I am trying to use a regular expression to do an accent insensitive search on an accent sensitive column.
I cannot change the column to an accent insensitive collation because the column is unique and we need to allow both 'Jose' and 'José' to be entered.
I cannot coerce the collation within my query because the table holds a ton of data and coercing it will cause it to do an index scan instead of a seek and the query times out
I cannot add a new non-unique column that uses an accent insensitive collation. This would avoid the 2 issues above because the original column could be accent sensitive and unique and I would be able to do the search on the new column and use the index on it, however I'm being told I can't do this because it would cause data duplication.
So, I'm trying to do this using a regular expression search on the accent sensitive column. In my application I take in whatever string the user entered and I modify the string in such a way that for this input
"Jose"
I get the output
"J[òóôõöø][sš][eèéêë]%"
Using this string to search works.
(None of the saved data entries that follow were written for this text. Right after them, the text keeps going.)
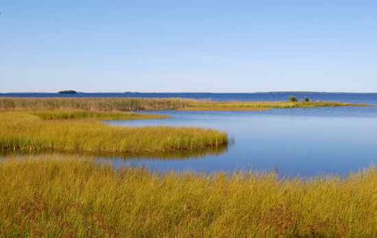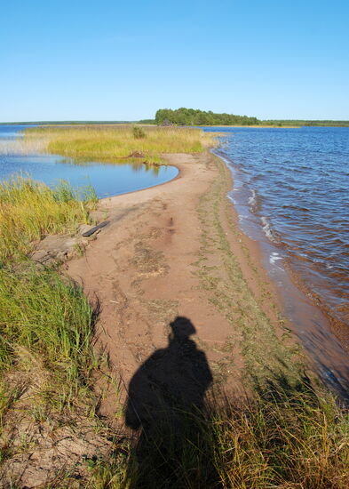 Der Oulujärvi mit der Insel Manamansalo gehört zum Geopark Rokua. Direkt am Campingplats begannen einige Wanderwege durch das Naturschutzgebiet. Wir wollten eine größere Wanderung zur nordöstlichen Landzunge Makkaraniemi machen. Ein kurzes Stück gingen wir zuerst über den Campingplats. Nachdem wir den Ablauf des Sees Teerilampi überquert hatten, führte der Weg direkt am Wasser entlang durch lichten Nadelwald. Bald hatten wir einen Grillplatz erreicht und machten eine kleine Pause. Die Küste fiel meist sandig und steil zum See hinab. Im Wald gab es viele Lingon – Preiselbeeren. Immer wieder hatten wir schöne Ausblicke auf den See mit einigen Inseln in der Ferne. Hier war es überall sehr sandig, die Überreste der Eiszeit. Bald hatten wir die Hütte an der Landspitze erreicht. Nach einer Pause, in der wir unsere mitgebrachten Brote aßen, ging Rainer allein auf die Landzunge. Christa ruhte sich ein bißchen länger aus.
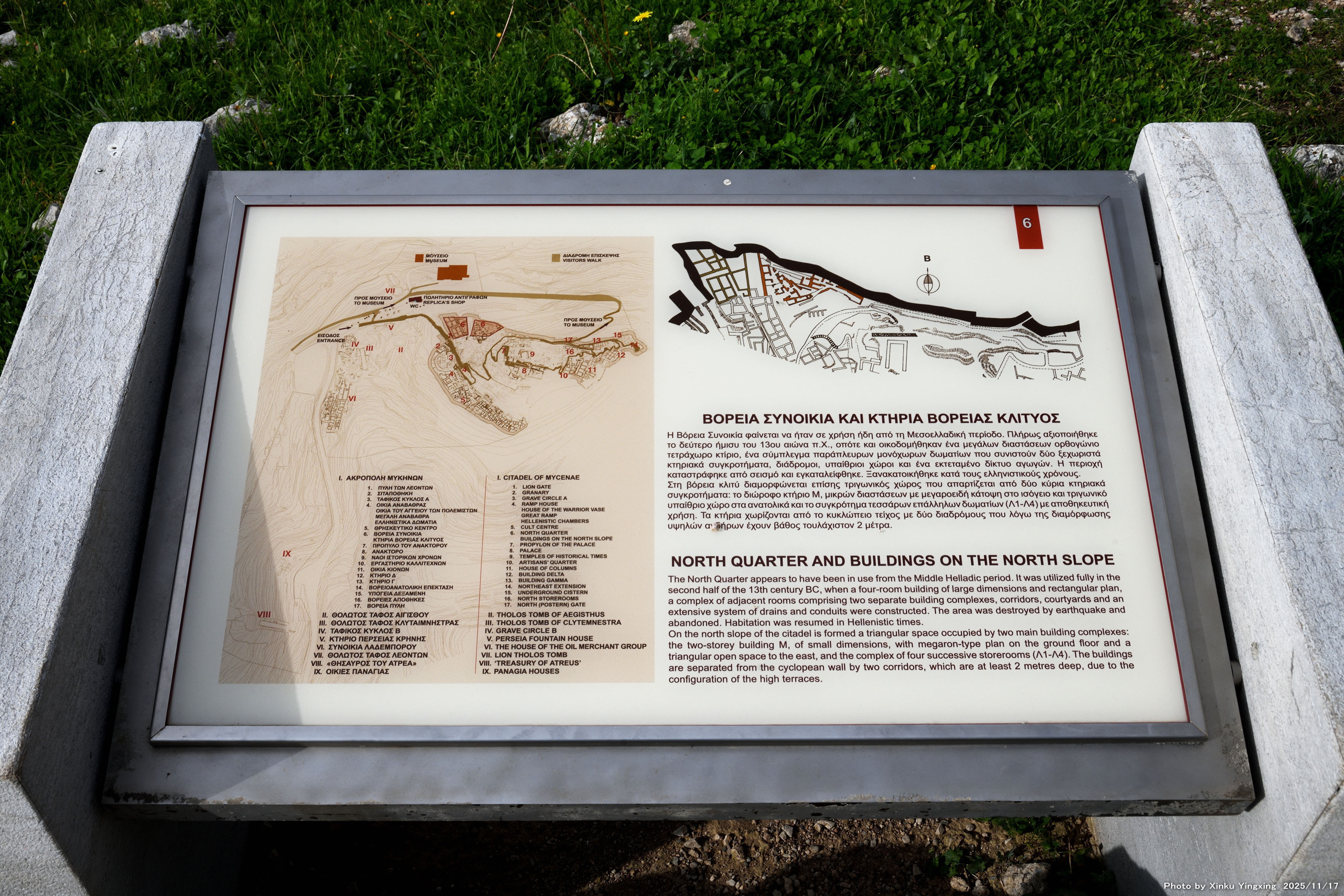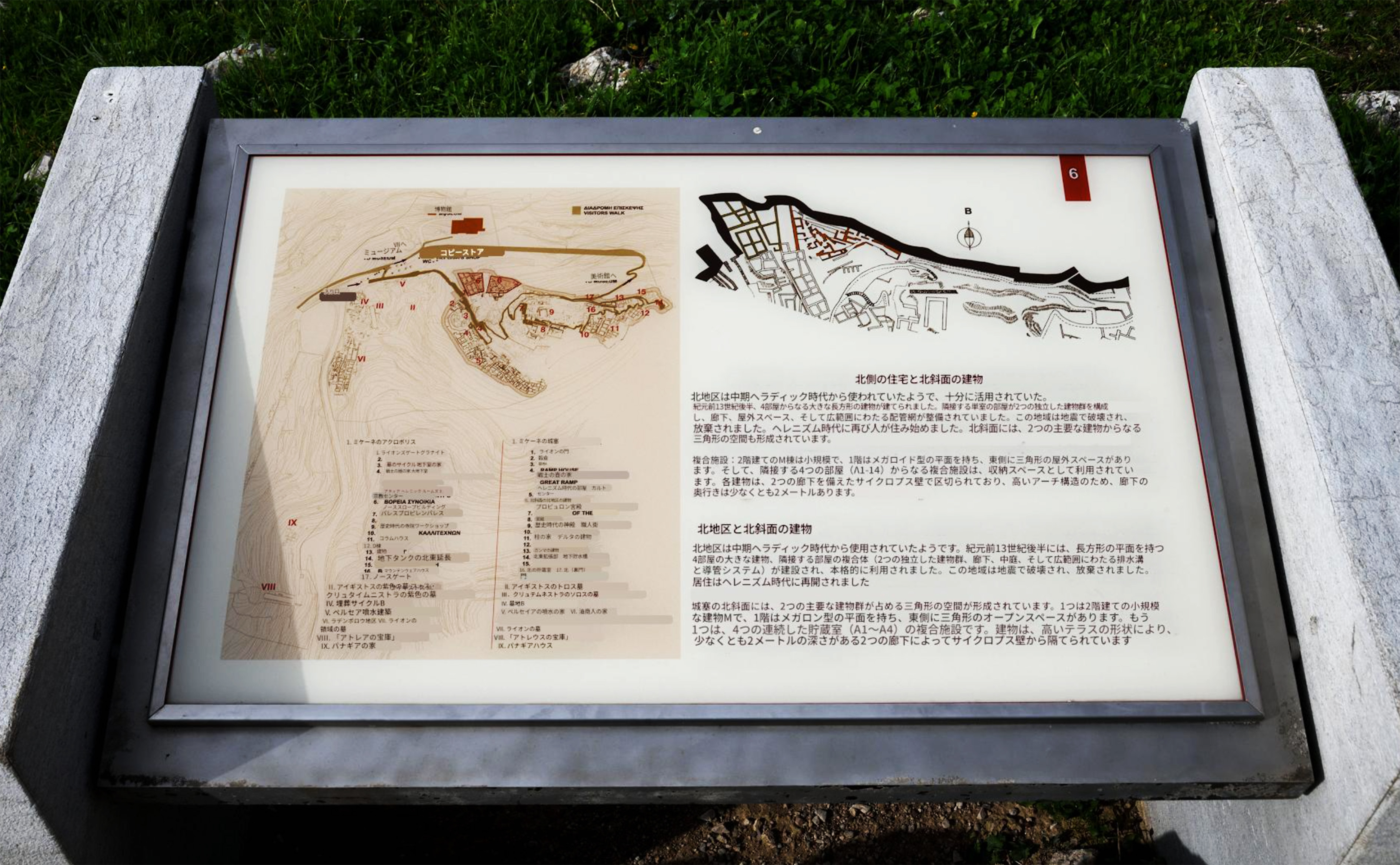 5-9 ミケーネ遺跡(王宮殿)にて、「(6)北地区の住宅・北側斜面の建物」の現地説明板です |
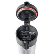 • Este produto pode ser utilizado tanto como lanterna de mão como holofote. Em ambos os modos de funcionamento, a intensidade da luz pode ser ajustada. Além disso, no modo lanterna, o foco do holofote pode ser ajustado, permitindo controlar o diâmetro do feixe de luz. No modo holofote, pode escolher entre luz branca ou luz vermelha intermitente. Possui 3 modos: Alto, Baixo e Estroboscópico. Ademais, graças ao seu conector USB, também pode ser utilizado como bateria externa.
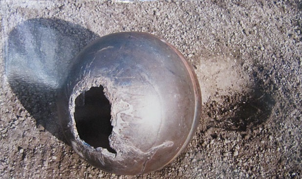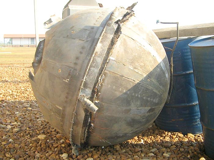 | Một quả "cầu không gian" Space Ball khác được tìm thấy ở Belem, Brazil năm 2006. Đây là một phần của vệ tinh TelStar 402. Nó có đường kính khoảng 80 cm và chiều cao khoảng 1 m. |
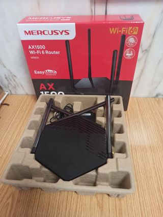 Router Mercusys AX1500 con tecnología Wi-Fi 6. Compatible con Easy Mesh. - Modelo: MR60X Incluye caja original cable de alimentación y cable de red. EXcelente estado del producto y de su caja original - Color: Negro - Diseño con antenas externas
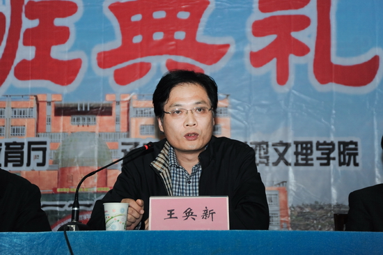 王奂新代表省教育厅对培训班的顺利开班表示祝贺!同时传达了省教育厅张雄强副厅长在陕西省2011年“国培计划”置换脱产研修项目开班典礼上的讲话精神。一是要紧抓机遇,始终把教师队伍建设作为全省教育事业发展最重要的基础工作;二是要积极推进“国培计划”和省级培训的实施,大力开展中小学教师培训工作;三是要齐心协力,把“置换脱产研修项目”办成国培计划和省级培训项目的典范。并且希望各位老师珍惜机会,潜心研修;承办院校严格管理,热情服务;积极倡导并创造生动活泼的学风,确保“国培计划”项目的质量和效果。

It finds "Jose" and "José" and it searches with the correct index and doesn't time out.
The only issue I have now is with the darn æ character.
If the database contains the values "aéro" & "æro" and the user enters "aero", currently my application will generate the search strings "[aàáâãäå][eèéêë]r[oòóôõöø]%" But this will only be a match for "aéro". It will not match "æro". By default in sql server it already treats "ae" the same as "æ" whether the collation is accent sensitive or insensitive, so not modifying the user's input would return "æro" as a match, but would not return "aéro" as a match.
Does anyone have any ideas how I can do a regular expression search in SQL that will match both "aé" and "æ"?
SELECT *
FROM mytable
WHERE name LIKE '[aàáâãäå][eèéêë]%'